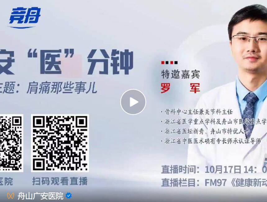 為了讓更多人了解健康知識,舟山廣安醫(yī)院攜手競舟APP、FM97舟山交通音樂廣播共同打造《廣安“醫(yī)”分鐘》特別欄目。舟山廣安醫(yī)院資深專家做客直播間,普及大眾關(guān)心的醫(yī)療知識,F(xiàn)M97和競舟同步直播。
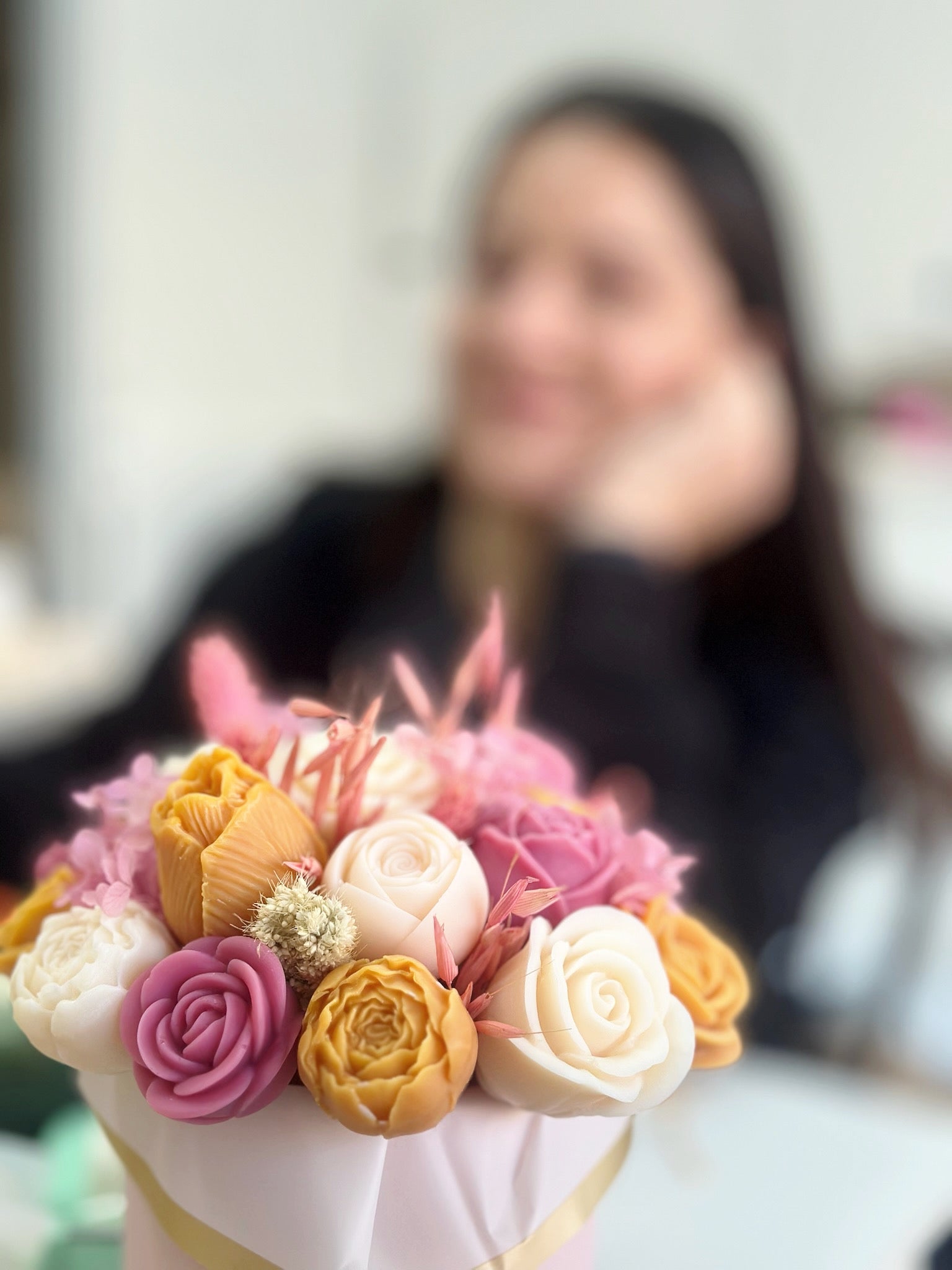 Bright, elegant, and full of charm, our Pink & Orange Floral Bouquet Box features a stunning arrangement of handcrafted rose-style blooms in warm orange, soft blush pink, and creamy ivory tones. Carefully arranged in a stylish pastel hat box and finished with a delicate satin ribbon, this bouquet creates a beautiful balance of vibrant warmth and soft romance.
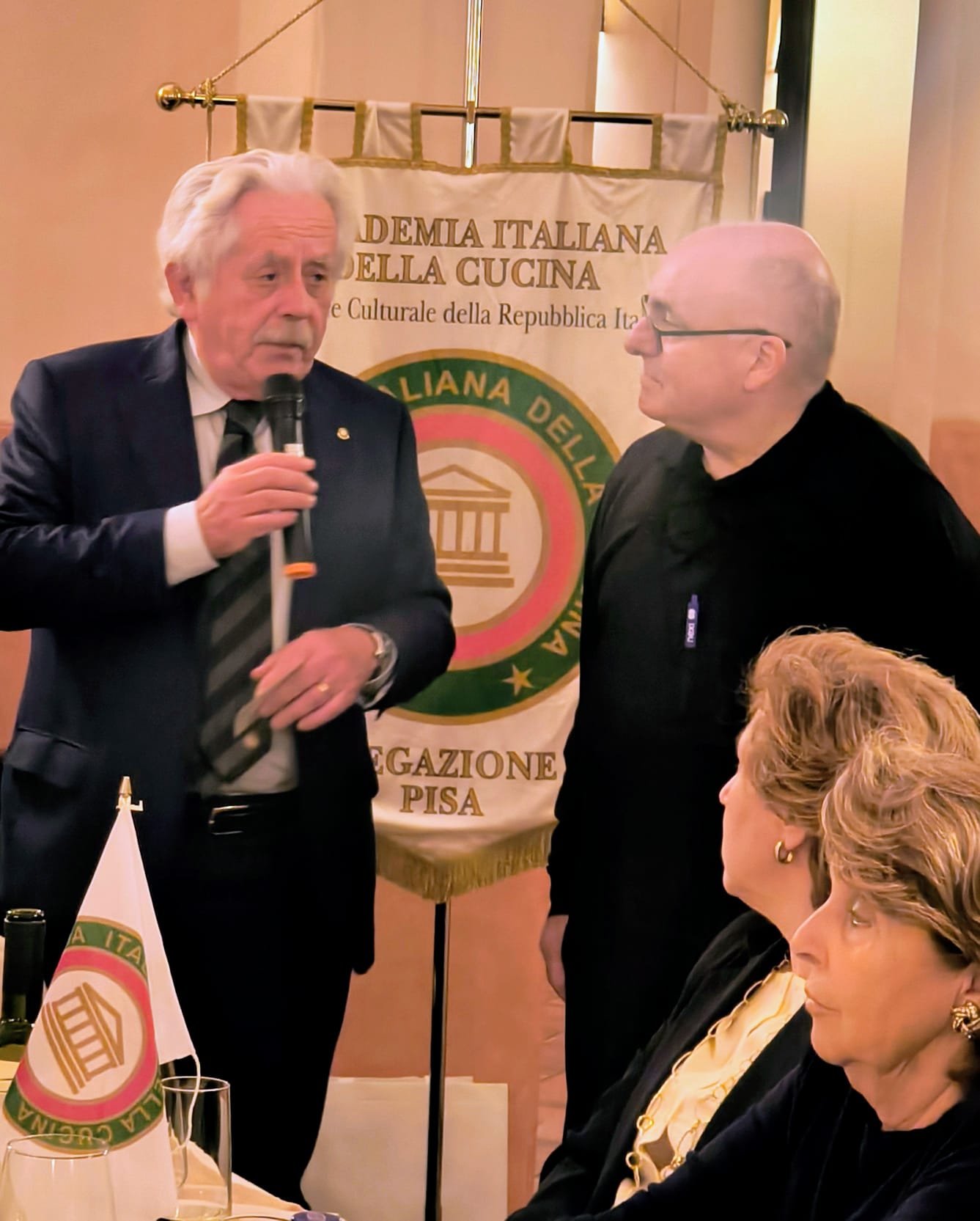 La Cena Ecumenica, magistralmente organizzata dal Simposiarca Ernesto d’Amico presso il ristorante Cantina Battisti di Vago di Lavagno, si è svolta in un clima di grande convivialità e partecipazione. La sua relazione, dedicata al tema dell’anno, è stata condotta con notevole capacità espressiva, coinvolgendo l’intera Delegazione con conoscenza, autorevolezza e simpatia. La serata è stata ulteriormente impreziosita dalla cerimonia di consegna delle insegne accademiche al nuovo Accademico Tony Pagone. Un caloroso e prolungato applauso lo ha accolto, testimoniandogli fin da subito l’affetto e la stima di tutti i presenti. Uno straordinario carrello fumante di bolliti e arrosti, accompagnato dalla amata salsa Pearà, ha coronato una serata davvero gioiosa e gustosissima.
_ _ _ _ _
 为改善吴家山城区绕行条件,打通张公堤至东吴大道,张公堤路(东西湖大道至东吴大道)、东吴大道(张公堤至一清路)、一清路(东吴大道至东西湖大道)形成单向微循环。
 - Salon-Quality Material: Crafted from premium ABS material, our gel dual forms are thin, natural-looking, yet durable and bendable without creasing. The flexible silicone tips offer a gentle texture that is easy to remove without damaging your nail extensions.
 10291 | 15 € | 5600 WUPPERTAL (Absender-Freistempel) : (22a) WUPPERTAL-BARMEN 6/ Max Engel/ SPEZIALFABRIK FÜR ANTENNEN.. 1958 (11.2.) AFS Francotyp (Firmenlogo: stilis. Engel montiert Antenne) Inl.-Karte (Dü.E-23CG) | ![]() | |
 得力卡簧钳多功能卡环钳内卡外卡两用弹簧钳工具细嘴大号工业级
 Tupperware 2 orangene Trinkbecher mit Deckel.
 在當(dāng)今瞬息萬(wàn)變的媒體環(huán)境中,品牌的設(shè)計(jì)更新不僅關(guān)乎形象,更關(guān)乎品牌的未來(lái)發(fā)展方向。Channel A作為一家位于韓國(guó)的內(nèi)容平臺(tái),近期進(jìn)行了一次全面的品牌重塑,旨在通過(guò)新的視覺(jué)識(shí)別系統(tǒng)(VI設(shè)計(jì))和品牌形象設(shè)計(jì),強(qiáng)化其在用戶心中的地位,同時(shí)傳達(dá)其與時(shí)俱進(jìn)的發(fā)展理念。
_ _ _ _ _
• WHAT TO PRODUCE:
Everything above from the line containing "得力卡簧钳多功能卡环钳内卡外卡两用弹簧钳工具细嘴大号工业级" through the line containing "在當(dāng)今瞬息萬(w" must be copied exactly. Nothing outside that range belongs in the answer.

• SOLUTION TO THIS PROBLEM:
 得力卡簧钳多功能卡环钳内卡外卡两用弹簧钳工具细嘴大号工业级
 Tupperware 2 orangene Trinkbecher mit Deckel.
 在當(dāng)今瞬息萬(wàn)變的媒體環(huán)境中,品牌的設(shè)計(jì)更新不僅關(guān)乎形象,更關(guān)乎品牌的未來(lái)發(fā)展方向。Channel A作為一家位于韓國(guó)的內(nèi)容平臺(tái),近期進(jìn)行了一次全面的品牌重塑,旨在通過(guò)新的視覺(jué)識(shí)別系統(tǒng)(VI設(shè)計(jì))和品牌形象設(shè)計(jì),強(qiáng)化其在用戶心中的地位,同時(shí)傳達(dá)其與時(shí)俱進(jìn)的發(fā)展理念。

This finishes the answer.